_AIM OF THE EXERCISE_
Begin with the first line below and retype each line exactly through the line containing "The Cola 15K". Any pictures are to be left out.

_MATERIAL PROVIDED_
---------------

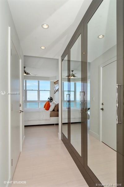 Absolutely Stunning Direct Ocean in exceptional low density complex. Floor plan has been architecturally customized;appointments are designer updated throughout.Ultra modern high end custom kitchen & baths. Miele appliances gorgeous bath & lighting fixtures.2nd & 3rd baths have stone & solid surface walls.Custom computer & TV desk area.Den w closet/wardrobe serves as 4th bedroom/media room.Intracoastal views from guest bedrooms.Great day/night views of park,ships and city. Easy Walk to Broadwalk & pier.
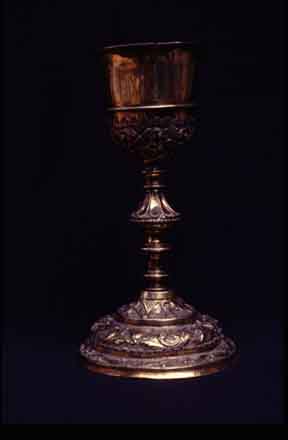 Cáliz en plata dorada y repujada. Convento San Joaquín y Museo Religioso. Cali, C. 1995
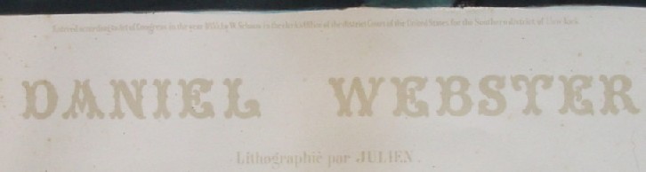 Being from New England and an historical print collector I have seen a lot of Daniel Webster prints, but this is the most compelling portrait of the great man that I have ever seen. This print was published in New York by Schaus but the lithography was done by Julien in the offices of Francois Delarue on rue J. J. Rousseau in Paris, which probably explains the unique look of this print. We could find no other copies of this print on the web or in other print reference works Below is the title of the print, with the date in the small print and the reference to the lithographer JULIEN.
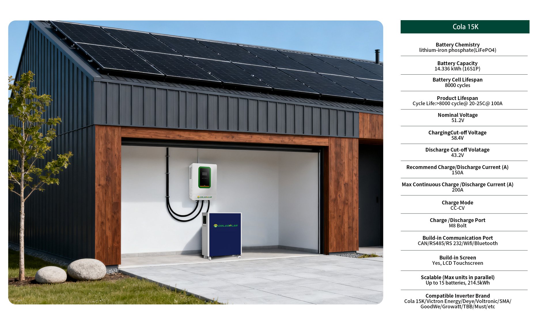 The Cola 15K Lithium-Iron Phosphate Battery delivers 15kWh of reliable energy storage with a long lifespan of over 8,000 cycles. Designed for scalability, it supports up to 128kWh in parallel. Featuring advanced safety protections, an LCD touchscreen, and compatibility with top inverter brands, it ensures efficient, sustainable power solutions for diverse applications.
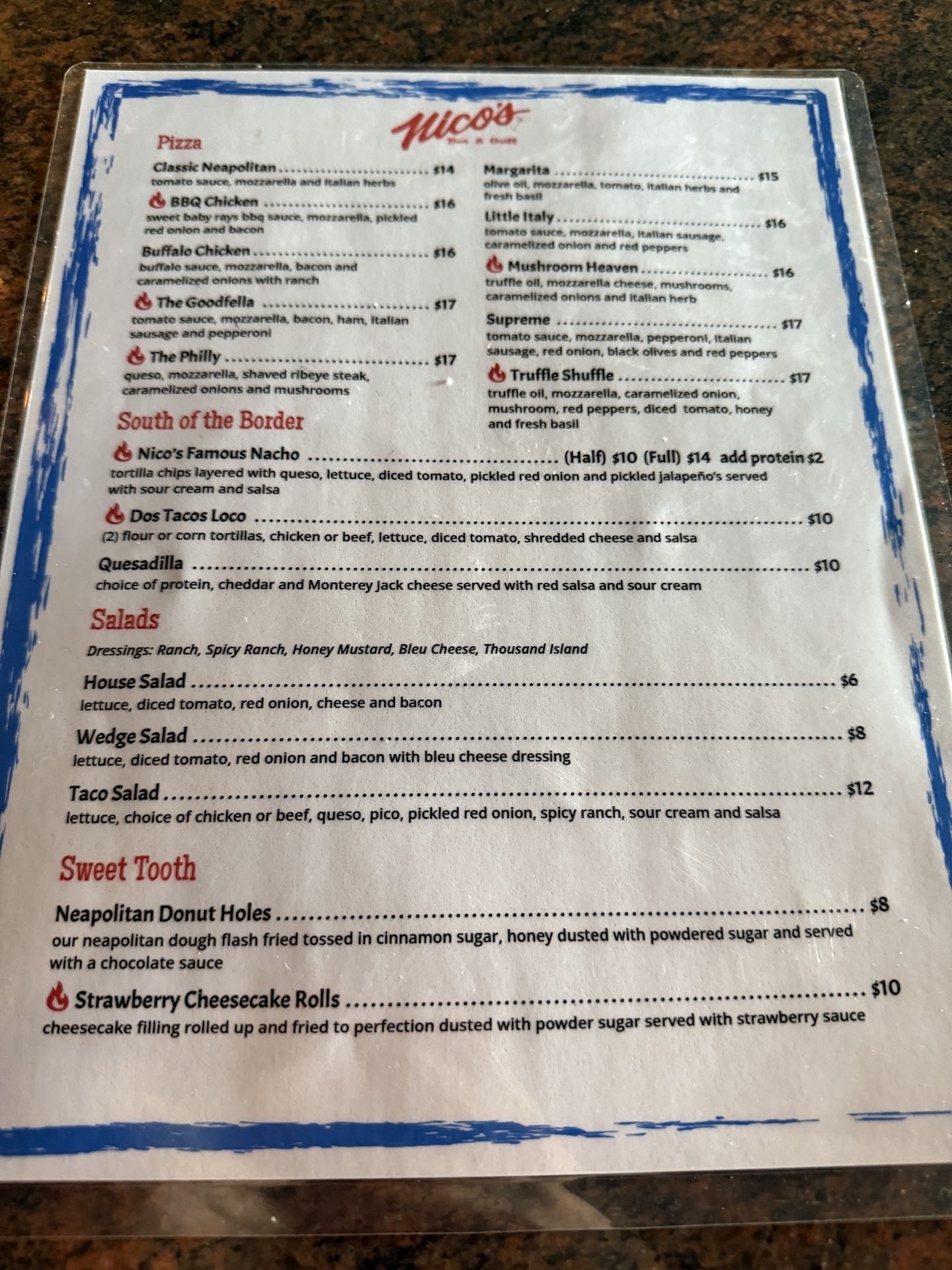 Read moreNico's has a very chill environment full of entertainment, amazing bartenders, and a phenomenal kitchen staff. Big screens for the sports lovers, Karaoke, pool tables, darts, and plenty of room for you & your guests đ You can tell that the head chef has an immense passion for what he does because it shows in each dish that leaves the kitchen. They even have a garden, so you get fresh ingredients, guaranteed! Stop by and give a little of everything a try, you won't be disappointed â¨ď¸
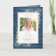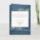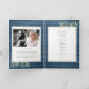 Eine personalisierte Reihenfolge der Beerdigungsdenkmal gefaltet Programm mit Grün auf einem rustikal blauen Holzpaneelen Hintergrund. Entwickelt von Thisisnotme©
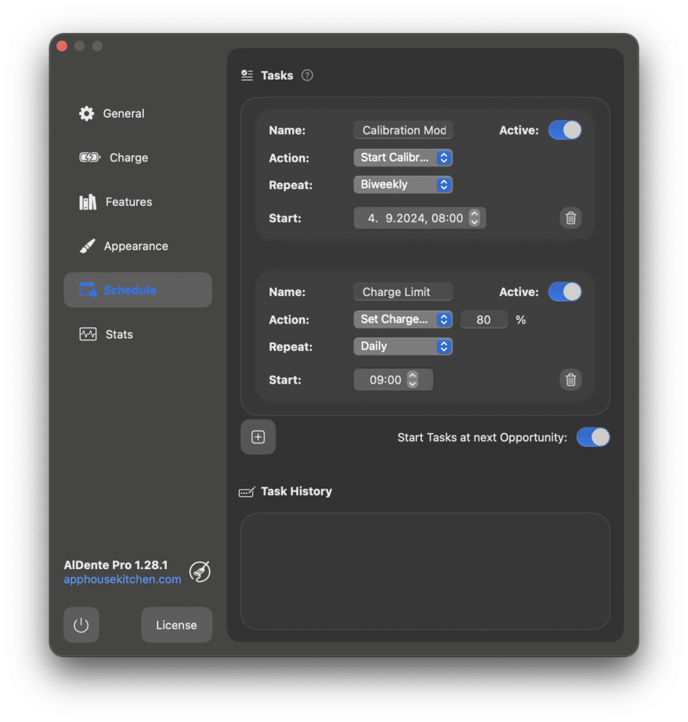 For automation lovers, AlDente supports Apple Shortcuts, enabling custom battery automation routines. There’s even a Schedule Mode, allowing you to set specific actions to run on certain days—like ensuring a full charge before a long trip.
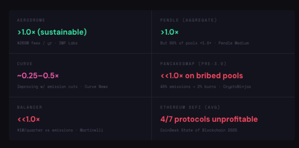 ve 代币模型并非普遍失效。Curve 的 veCRV 和 Aerodrome 的 ve(3,3) 仍在健康发展。
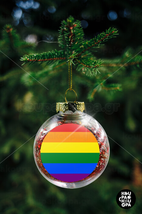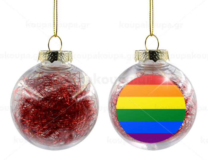 Rainbow flag (LGBT) , Στολίδι Χριστουγεννιάτικη μπάλα δένδρου διάφανη με κόκκινο γέμισμα 8cm
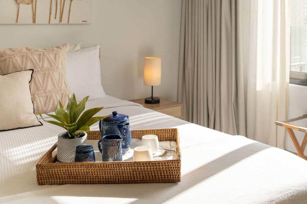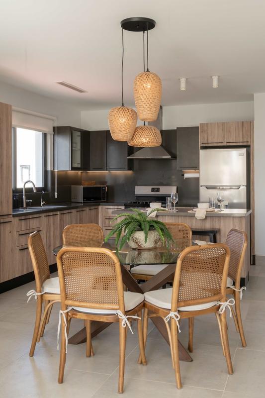 The bedroom, designed as a serene retreat, includes a King-size bed, a Smart TV, and a speaker for your entertainment. The kitchen is fully equipped with modern appliances and complemented by a spacious dining area to enjoy your meals.
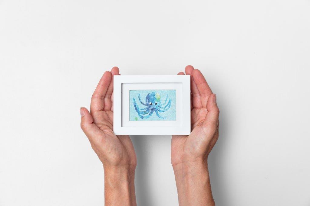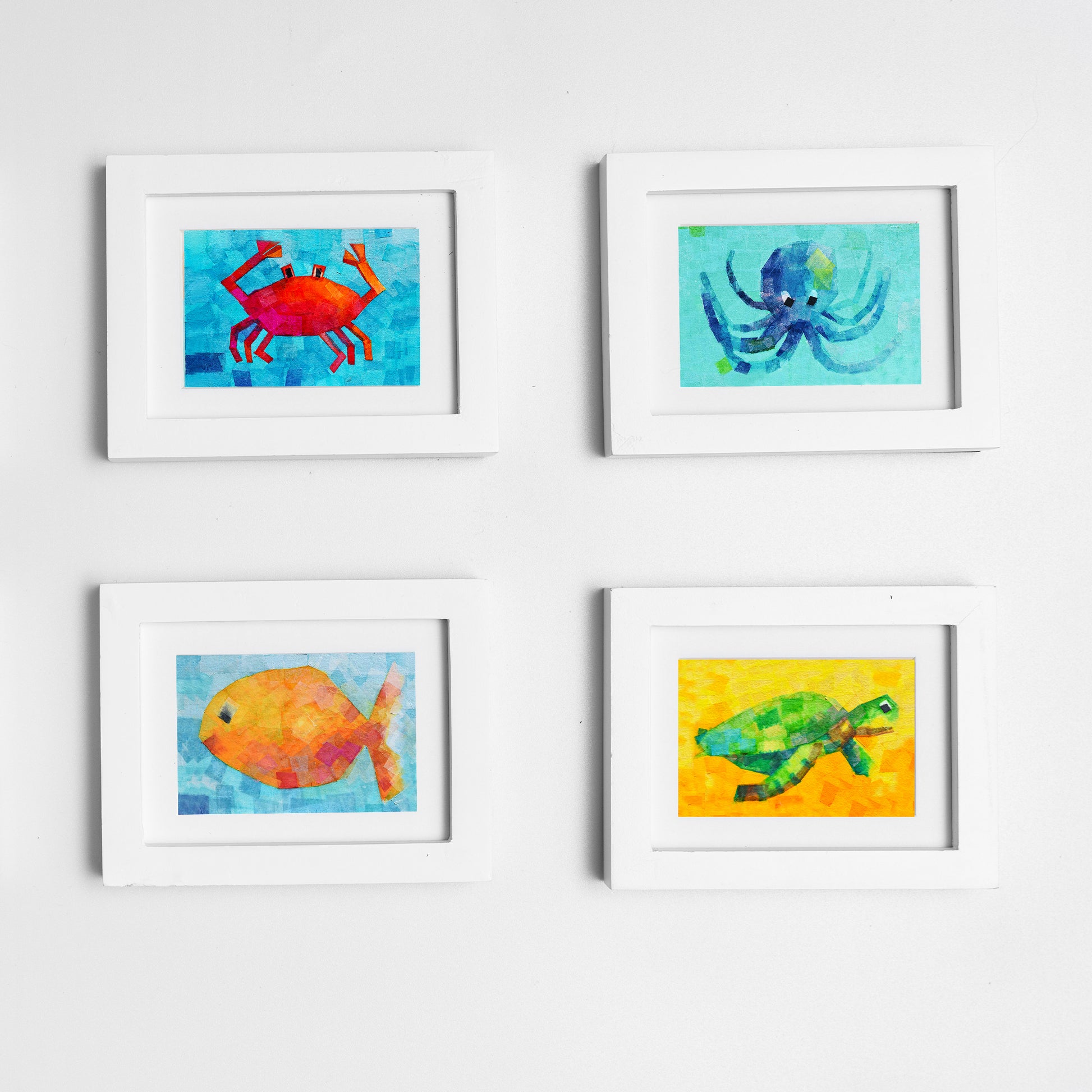 Images shown are examples of framed minis. The set comes with the images shown of sea turtle, goldfish, crab, and octopus.
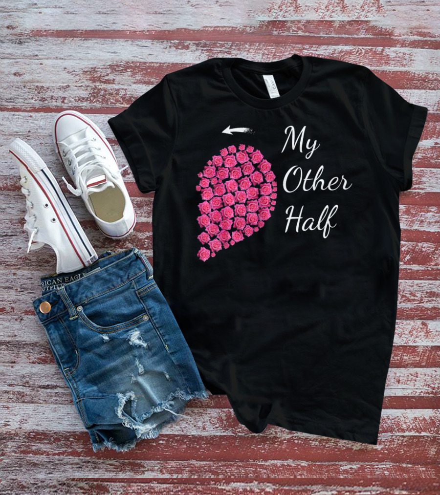 The My Other Half Pink Rose Half Heart Valentine Shirt offers a regular fit. Made from 100% ring-spun cotton that is pre-shrunk to help maintain size and shape after washing. Features reinforced construction details for durability. Available in U.S. standard sizes S-5XL to accommodate various body types.

---------------

_RESULT BELOW_
 Absolutely Stunning Direct Ocean in exceptional low density complex. Floor plan has been architecturally customized;appointments are designer updated throughout.Ultra modern high end custom kitchen & baths. Miele appliances gorgeous bath & lighting fixtures.2nd & 3rd baths have stone & solid surface walls.Custom computer & TV desk area.Den w closet/wardrobe serves as 4th bedroom/media room.Intracoastal views from guest bedrooms.Great day/night views of park,ships and city. Easy Walk to Broadwalk & pier.
 Cáliz en plata dorada y repujada. Convento San Joaquín y Museo Religioso. Cali, C. 1995
 Being from New England and an historical print collector I have seen a lot of Daniel Webster prints, but this is the most compelling portrait of the great man that I have ever seen. This print was published in New York by Schaus but the lithography was done by Julien in the offices of Francois Delarue on rue J. J. Rousseau in Paris, which probably explains the unique look of this print. We could find no other copies of this print on the web or in other print reference works Below is the title of the print, with the date in the small print and the reference to the lithographer JULIEN.
 The Cola 15K Lithium-Iron Phosphate Battery delivers 15kWh of reliable energy storage with a long lifespan of over 8,000 cycles. Designed for scalability, it supports up to 128kWh in parallel. Featuring advanced safety protections, an LCD touchscreen, and compatibility with top inverter brands, it ensures efficient, sustainable power solutions for diverse applications.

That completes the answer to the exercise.